- [DATA SECTION]:
● ● ●

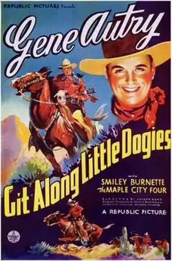 Git Along Little Dogies is a 1937 American Western film directed by Joseph Kane and starring Gene Autry, Smiley Burnette, and the Maple City Four. Written by Dorrell and Stuart E. McGowan, the film is about a singing cowboy who gets caught up in a war between oilmen and cattle ranchers, taking the side of the ranchers until he learns that oil will bring a railroad to town.[1] The film is also known as Serenade of the West in the United Kingdom.[2]
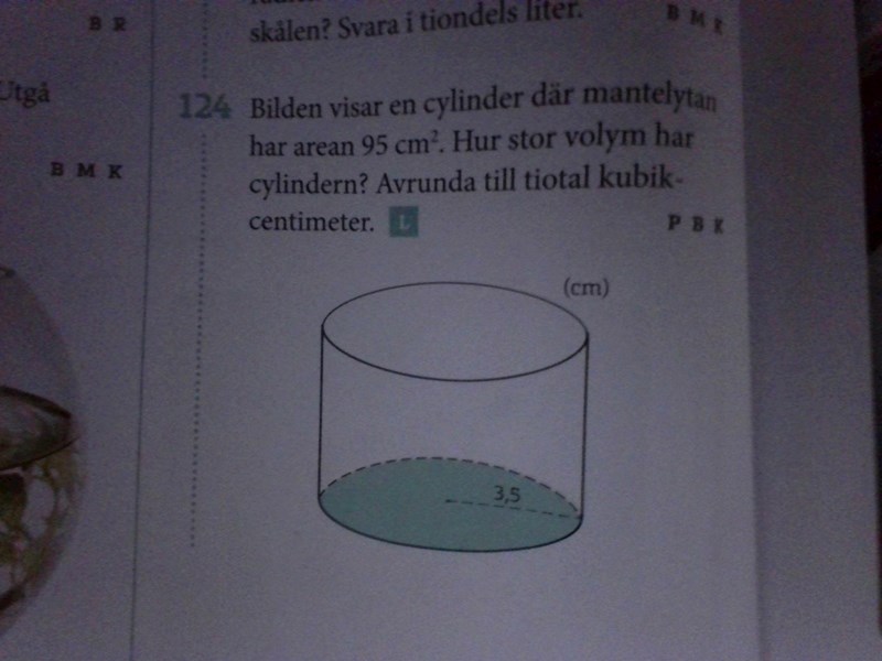 Jag vet att mantelytan är 95 cm2. För att räkna volym på cylinder ska jag V= Bxh
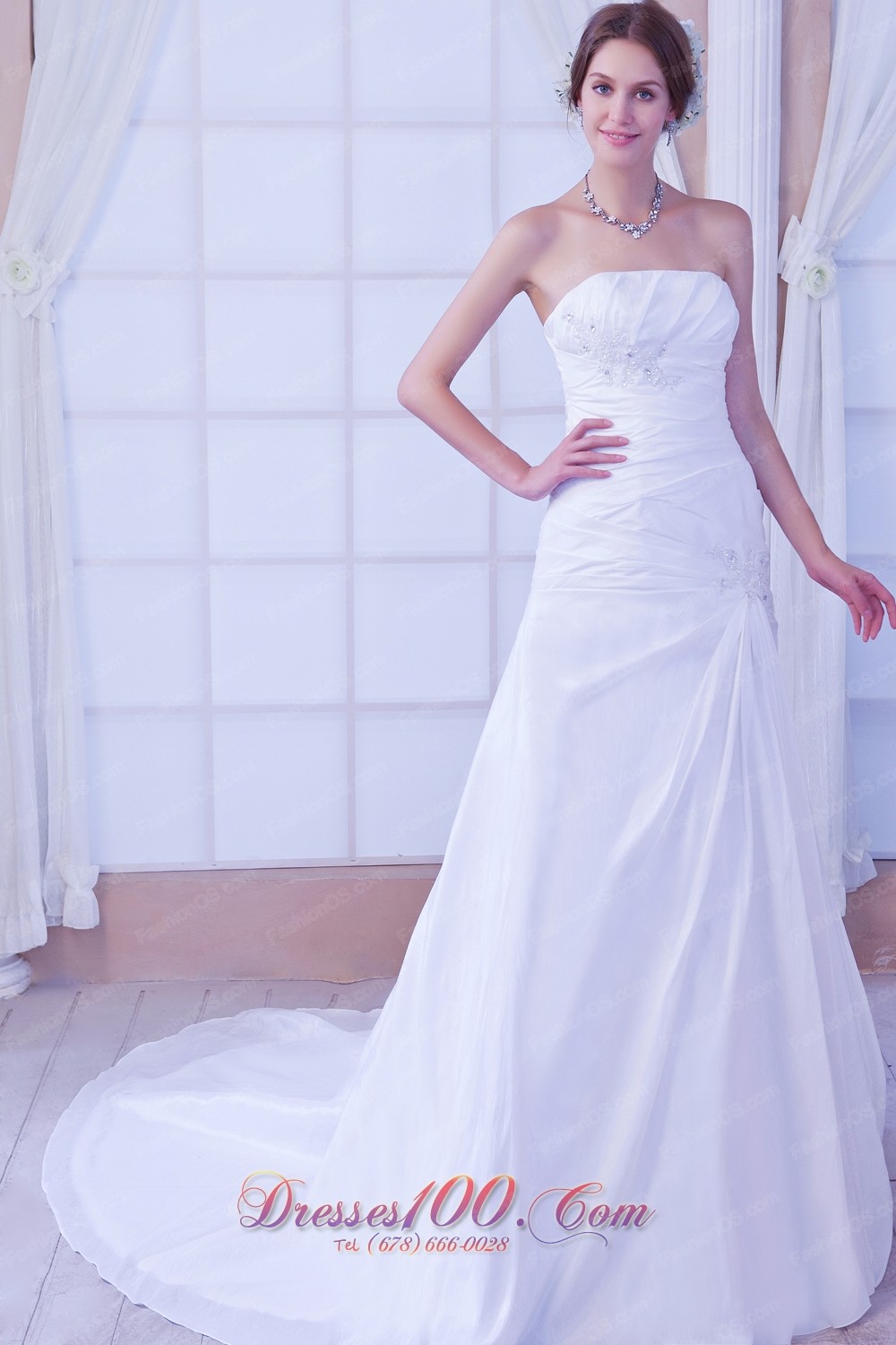 The white strapless wedding dress features a strapless neckline and a bodice that is fully embellished with intricate ruching and shimmering beadings. The style of the dress is simple yet elegant, especially the floral beads on the side of the hipbone area adds interest to the midsection. The floor length A-line skirt flows beautifully with a lovely sweeping train that pools in a pond of fabric. A zipper up style closure encrusted with decorating buttons extending to the very end of the bodice, which makes the dress standout. You can't miss it. Take it home now!

● ● ●

- [ABOUT THIS EXERCISE]: The task requires restating verbatim the lines from the one that holds "Jag vet att" through the end of the listing, both ends counted, and no pictures.

- [ANSWER FOR THIS EXERCISE]:
 Jag vet att mantelytan är 95 cm2. För att räkna volym på cylinder ska jag V= Bxh
 The white strapless wedding dress features a strapless neckline and a bodice that is fully embellished with intricate ruching and shimmering beadings. The style of the dress is simple yet elegant, especially the floral beads on the side of the hipbone area adds interest to the midsection. The floor length A-line skirt flows beautifully with a lovely sweeping train that pools in a pond of fabric. A zipper up style closure encrusted with decorating buttons extending to the very end of the bodice, which makes the dress standout. You can't miss it. Take it home now!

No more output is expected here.